As if that wasn't bad enough, tomorrow's Sunday. No mail. I will be camping out in front of the post office until Monday morning, clinging to my manuscript and sobbing salty tears of a shameful writer. That is, of course, if I don't cave and buy a plane ticket to New York City so I can deliver it to her door myself tomorrow.

In my defense: I am exhausted. This last week has been awful. I've been hosting guests from out of town, working extra shifts, and nursing a fever. No excuses though. It was a very, very unprofessional for someone who wants to be a writer and I will return to my corner now to wallow in my shame.

Friday, July 6, 2012

2AM Rambles

The view.

Killing some time. Fighting off levels of exhaustion bordering on delusion. Pardon my French/grammar boo-boos/rambling mon amie.

Well yesterday was the 4th of July. Had a spectacular view of the big show over Lake Union. For what I'm paying in rent I deserved a good seat! On the topic of seats though, some jerk broke my couch. By some jerk I mean a friend who's just an idiot I let drink too much. Poor couch. Thank goodness I wasn't quite sober enough to get as mad as I should have been. Loved that couch though. Polar bears weren't too happy with the fireworks. It was sad watching them bounce and do laps all night. For the record, you can totally give Benedryl to dogs. It's 1 milligram per pound, so an 80 pound dog gets 80 milligrams...assuming that after you force it down his throat in a ball of cream cheese he doesn't throw it back up. Too panicked to even keep a hot dog down, poor pups.

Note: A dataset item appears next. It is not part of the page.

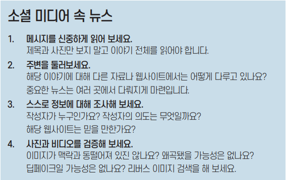 그들이 똑같은 거짓말을 수백만 번 마주치면, 그 거짓말은 사실이 되고 친구들과 공유하게 된다. 청소년은 소비자일 뿐만 아니라 소셜미디어상의 정보 제공자이기도 하다. 신뢰하는 사람으로부터 얻은 정보에 비판적이기 어렵다는 사실을 기억한다면, 왜 소셜미디어에서 공유되는 정보는 특히 더 검증하기 어려운지 이해할 것이다.

And, I'm going to just throw this out there, I thought Abraham Lincoln Vampire Hunter was an amazing film. It's one of those ones I'm actually going to buy when it comes out on DVD. Magic Mike, however, can be one of those things I'll say I saw but never ever allow myself to spend another dime on.

Oh! And I saw a guy juggling a chainsaw today. Just going to leave on that note.


Au Revoir.

Monday, July 2, 2012

Dog Toys Dilemma

So this is just a ramble of some strangely poetic comparison I made between me and my younger polar bear. He's actually a Samoyed, but at 80lbs full grown I call them my polar bears. Truthfully I think they think they're Pomeranians. It makes for fun trips to the dog park.

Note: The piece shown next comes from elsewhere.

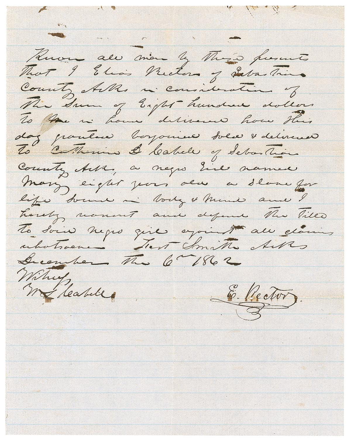 Brigadier General (1827-1911) in the Confederate States Army during the Civil War and later served as Mayor of Dallas, Texas. War-dated ADS, entirely in Cabell’s hand and signed “Witness, W. L. Cabell,” one page, 7 x 9, December 6, 1862, Fort Smith Ark. (near the Indian Territory). A slave bill of sale in which Elias Rector (brother of Arkansas Governor Henry Rector)“in consideration of eight hundred dollars…sld and delivered to Catherine Cabell…a Negro girl named Mary eight years old, a slave for life, sound in body and mind.” Signed at the conclusion by Cabell, and also signed by Rector. In very good condition, with light toning primarily along intersecting folds, trimmed top edge, scattered creasing, and some smudges and mild ink erosion to several words of text.

Mama's bears. Yuki (bottom) and Kai (on his head).


Back on topic though! My younger bear, Kai, has a bad habit of picking one toy out of the hundred or so sitting in the corner and loving it to death. These are the big durable ones for tough dogs too mind you. He's just kind of a cute beast. As I was throwing out pieces of Mr. Crab this morning I saw him searching through his toy box for his next victim. I don't think he means to kill them, he just loves them too much and they can't handle all his love/teeth.

Maybe it was the glass of wine I'd had with breakfast (poor life decision right there) but I was suddenly having this weird idea that, like Kai, I was loving my work too much. With seventeen days until the PNWA summer conference, every spare moment I have has been spent at a computer combing through my manuscript. Chopping. Rewriting. Reading things I wrote the night before and hating them. I was killing it. It took a puppy polar bear and a glass of Coco Rosso to make me see that.

I love Zhukov. It's my seventh complete novel and my favorite so far. I was going through my older work and of course there are bits which just make me smile, but never have I felt so confident and fully committed to a story as I have with this one.

So I took the rest of the day off. I called out sick from work, got out with a friend I haven't seen in a while, played with the polar bears and cuddled with my boyfriend. At the end of the day I sat down at my desk and opened Zhukov back up. It was like I had a new set of eyes and a full tank of energy to face it. That said, I'm going to try to take a step back for at least a little while every day. I know it's crunch time but I feel like if I don't take a breath every now and then I'm going to just rip my story apart like poor Mr. Crab.